Leadership Lesson from the Triumph
By JC Heinen on April 8, 2013
With so much business contingent upon recommendations, customer service is one of the most effective ways to gain new and retain existing customers. Excellent customer service is contingent upon employees who are properly trained and educated so they can respond to any situation that arises. This means focusing on building agility, good problem solving skills and the ability to understand the customer’s perspective.
Not all disastrous customer experiences make national news, but when the story of the Carnival Triumph emerged, unhappy customers were given a very public platform – describing in excruciating detail tales of ruined vacations. However, after six days in horrifically unsanitary conditions and while enduring shortages of food and water, no one had a complaint about the ship’s crew.
The ship’s crew was empowered to make decisions and went into action to deal with an unprecedented emergency. They understood the value of their individual contributions and they had the ability to put themselves in the place of their customers – empathizing with the needs of their passengers and doing whatever possible to accommodate those needs. Many passengers cited examples of excellent service under these arduous conditions, including how the crew sought information to keep passengers informed and kept children entertained with games to lessen their fears.
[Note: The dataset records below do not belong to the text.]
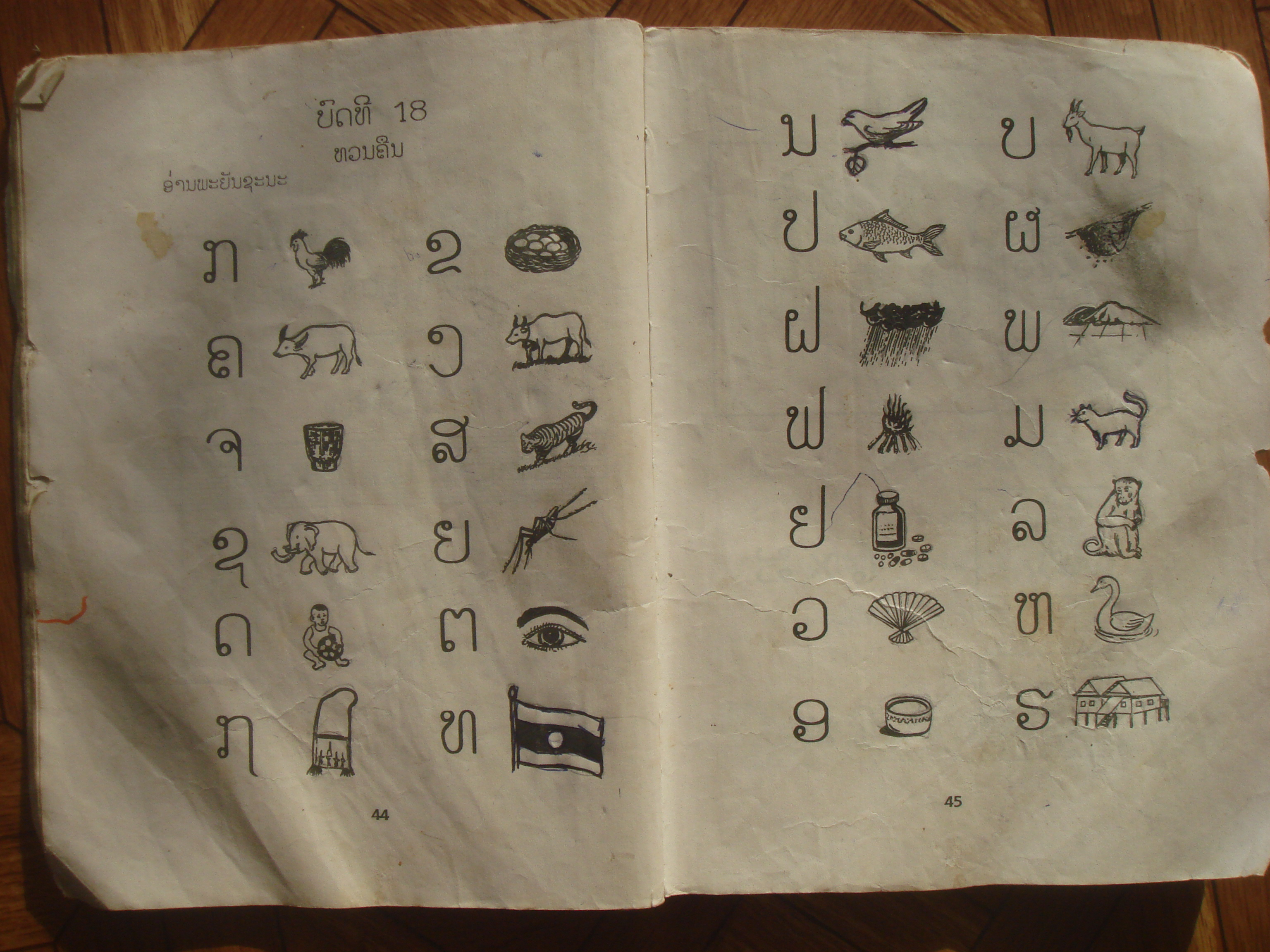 Lao-language consonants tought in a local schoolbook of 2005 illustrated with familiar pictures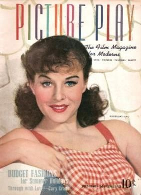 Paulette Goddard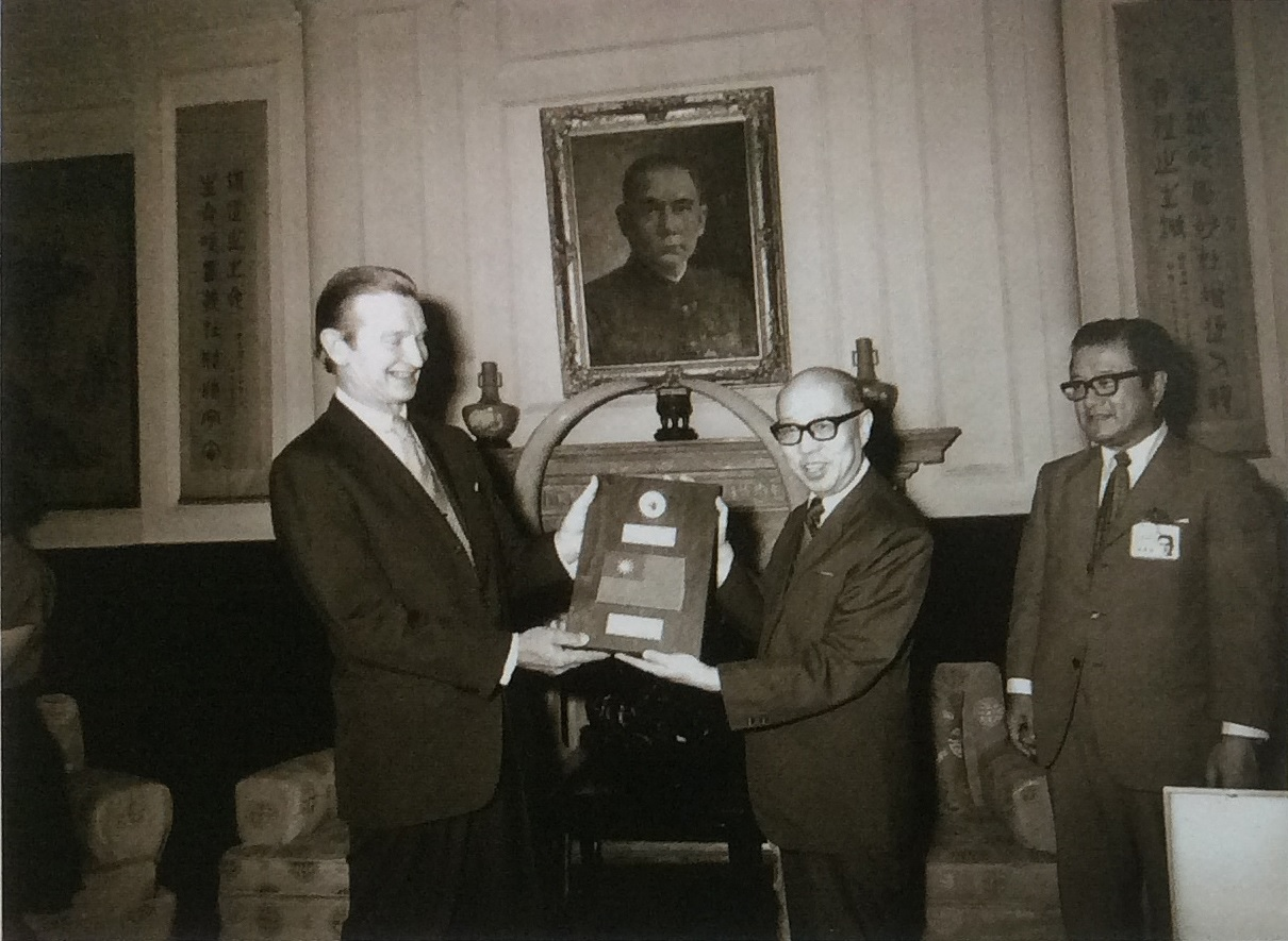 Vice President Yen Chia-kan accepts a moon rock from U.S. Ambassador Walter P. McConaughy. Also pictured is Minister of Education Chiang Yen-si (first from right).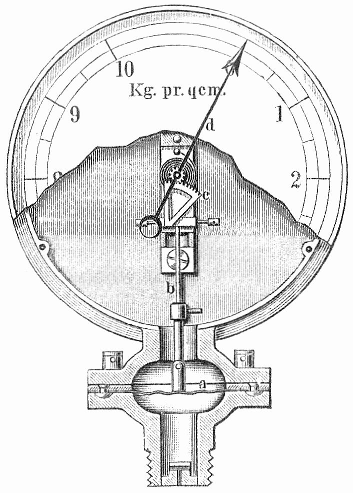 Diaphragm Pressure Gauge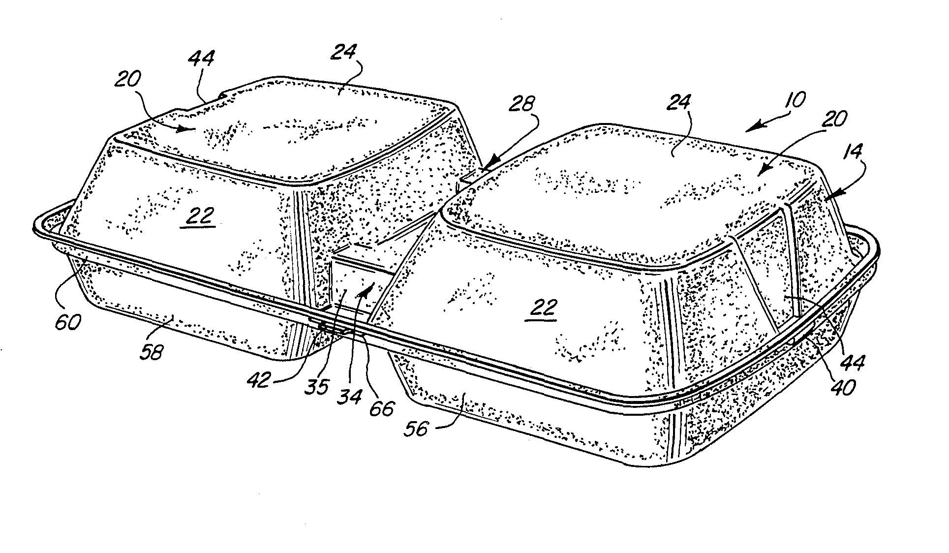 From US patent 4653685. "Patents issued in the United States are public domain government information" [1]

As one Triumph passenger told ABC’s Good Morning America, the ship’s crew, “saved the face of Carnival during this disastrous event for the company. They certainly were feeling as miserable, exhausted, and dirty as we all felt, yet they continued to smile, take my dirty dishes to prevent me from carrying them, explaining that it was ‘my pleasure,’ always with a smile or offering a helping hand.” As a result, she plans to take more trips with Carnival. In the same interview, another passenger said her family is planning to use their free Carnival cruise. “Our room steward Lito, was an angel to my family. He was high-fiving the kids, telling them stories and making towel animals.”
Thanks to the crew’s attitude, resourcefulness and commitment to service, not all customers were lost.
So how would your team measure up when the pressure is on (and the power is off)? Would they step up and keep the interests of your customers paramount? Have they been trained to swing into action confidently or would they become flustered and ineffectual? Would they do the right thing, or the most expedient?